Virtual Engineering: Designing Hardware in Simulation
Using high-fidelity simulation to design and validate perception hardware before silicon exists - extending synthetic data to hardware design.
Synthetic data trains algorithms. Virtual engineering goes further: using simulation to design the hardware itself.
The Concept
Traditional hardware development:
- Design sensor specs
- Build prototypes
- Test in lab
- Discover issues
- Redesign (expensive, slow)
- Repeat
Virtual engineering:
- Build high-fidelity sensor simulation
- Test algorithm performance on simulated sensor
- Iterate sensor design in simulation
- Build prototype only when confident
- Physical validation confirms predictions
What We Simulate
Optical System
- Ray tracing through lens elements
- Distortion, vignetting, chromatic aberration
- Depth of field effects
- Stray light and ghosting
Sensor Model
- Quantum efficiency vs wavelength
- Dark current and read noise
- Fixed pattern noise
- Pixel crosstalk
System Integration
- Timing between sensors
- Data path latencies
- Synchronization errors
- Thermal effects
Scene Interaction
- Realistic environments
- Lighting conditions
- Material properties
- Dynamic elements
Case Study: Depth Sensor Selection
Question: Should next device use ToF at 320x240 or stereo at 640x480?

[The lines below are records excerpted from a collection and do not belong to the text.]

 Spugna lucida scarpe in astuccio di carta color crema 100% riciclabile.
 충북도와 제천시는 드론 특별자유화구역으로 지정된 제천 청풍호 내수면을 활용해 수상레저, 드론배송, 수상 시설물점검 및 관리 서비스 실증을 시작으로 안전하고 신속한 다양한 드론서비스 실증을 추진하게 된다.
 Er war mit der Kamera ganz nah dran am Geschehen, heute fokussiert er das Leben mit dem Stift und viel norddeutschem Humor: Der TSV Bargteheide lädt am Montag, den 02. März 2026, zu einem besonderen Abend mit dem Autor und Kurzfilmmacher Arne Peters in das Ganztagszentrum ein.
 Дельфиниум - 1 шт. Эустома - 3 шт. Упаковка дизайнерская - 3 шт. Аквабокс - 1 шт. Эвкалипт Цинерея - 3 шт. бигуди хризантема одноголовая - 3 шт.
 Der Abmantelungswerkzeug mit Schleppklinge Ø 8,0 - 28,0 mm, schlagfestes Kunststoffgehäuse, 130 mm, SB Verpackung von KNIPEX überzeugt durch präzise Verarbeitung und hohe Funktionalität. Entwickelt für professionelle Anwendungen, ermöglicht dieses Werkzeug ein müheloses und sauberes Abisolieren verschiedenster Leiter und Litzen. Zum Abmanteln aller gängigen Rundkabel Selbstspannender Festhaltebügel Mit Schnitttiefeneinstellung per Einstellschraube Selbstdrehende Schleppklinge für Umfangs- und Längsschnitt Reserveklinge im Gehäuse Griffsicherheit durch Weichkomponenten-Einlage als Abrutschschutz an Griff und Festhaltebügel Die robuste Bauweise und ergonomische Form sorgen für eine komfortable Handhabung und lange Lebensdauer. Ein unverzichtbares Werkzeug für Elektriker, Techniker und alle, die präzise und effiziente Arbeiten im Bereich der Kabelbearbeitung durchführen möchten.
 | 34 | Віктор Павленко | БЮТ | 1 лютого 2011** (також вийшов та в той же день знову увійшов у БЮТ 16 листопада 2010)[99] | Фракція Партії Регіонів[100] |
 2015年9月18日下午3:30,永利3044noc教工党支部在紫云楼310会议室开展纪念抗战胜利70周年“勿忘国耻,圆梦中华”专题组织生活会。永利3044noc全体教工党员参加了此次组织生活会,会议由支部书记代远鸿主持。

Virtual engineering approach:
- Build accurate models of both sensor options
- Render diverse scenes through both sensors
- Run hand tracking algorithm on simulated output
- Measure accuracy, power, latency for each
- Make data-driven decision
Result: ToF better in low light, stereo better in sunlight. Chose ToF with stereo fallback.

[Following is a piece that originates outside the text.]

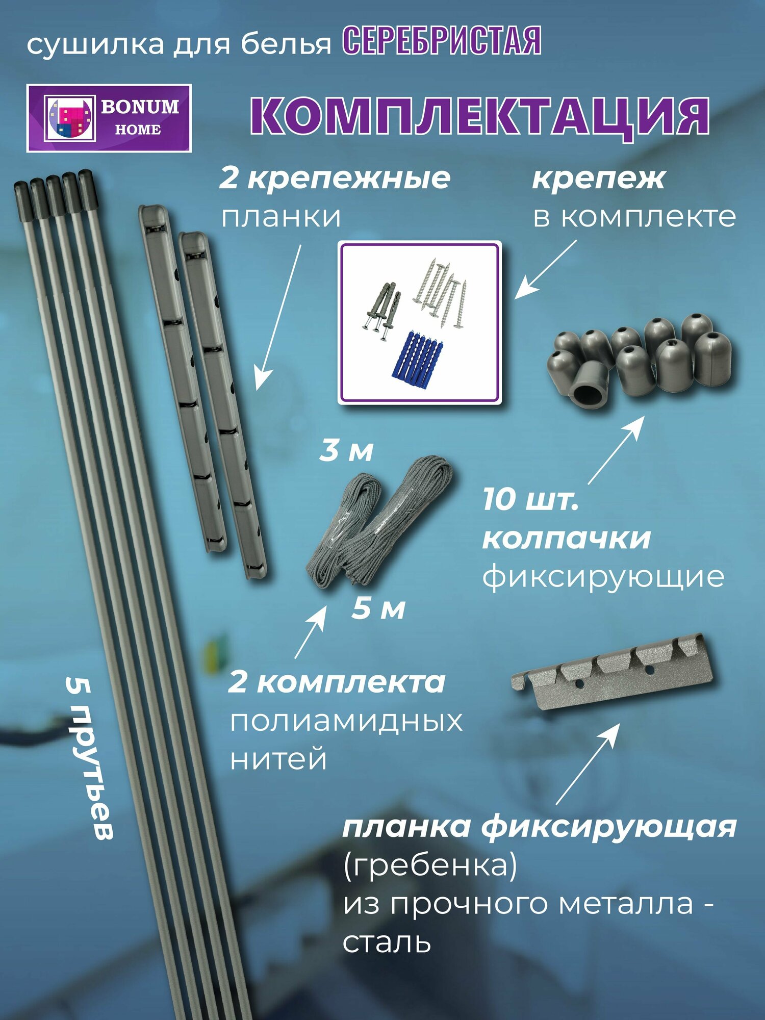 Сушилка для белья потолочная, серебристая, навесная, алюминиевая-1,1м,5 прутьев. Беларусь
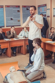 После экскурсии нас ждал мастер-класс по оказанию первой помощи пострадавшему. Это было очень интересно и познавательно. После этого нам предложили попить чай с угощениями. Всем сотрудником пожарно-спасательного отряда 209 огромное спасибо! Пообедали в ресторане «Веранда» и пошли в кукольный театр на очень интересный спектакль «Божественная комедия». Многие слышали об этом спектакле и очень хотели побывать на нем. Это был не скучный, с юмором спектакль, который очень многим понравился. |

This decision would have taken 6 months with physical prototypes. Took 3 weeks in simulation.
Validation Challenge
Simulation is only useful if it predicts reality.
Validation strategy:
- Build golden reference sensor with known characteristics
- Capture real data
- Compare simulated and real sensor outputs
- Measure prediction error
- Refine simulation models
Current simulation-to-reality correlation: 0.92 for depth noise, 0.85 for feature detection.
Organizational Impact
Virtual engineering changes how teams work:
- Hardware and algorithm teams share a common tool
- Design decisions have quantified impact
- Iteration happens in hours, not months
- Risk reduced before expensive commitments
Scaling the Capability
Making virtual engineering accessible:
- Self-service simulation tools (no expert needed)

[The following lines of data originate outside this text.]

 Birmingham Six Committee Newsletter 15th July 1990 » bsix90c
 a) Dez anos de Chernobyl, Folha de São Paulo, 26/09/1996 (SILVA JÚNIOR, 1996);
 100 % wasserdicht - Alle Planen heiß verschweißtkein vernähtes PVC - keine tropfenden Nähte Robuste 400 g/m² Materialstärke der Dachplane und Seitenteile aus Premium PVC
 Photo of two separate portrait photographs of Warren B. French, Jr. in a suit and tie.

- Pre-built sensor models for common components
- Standardized evaluation metrics
- Integration with hardware design workflows
Goal: Every hardware decision backed by simulation data.
The Limits
Virtual engineering can't replace all physical testing:
- Manufacturing variation
- Long-term reliability
- User experience factors
- Unexpected real-world conditions
But it can reduce physical iterations from 10 to 2. That's transformative for development velocity.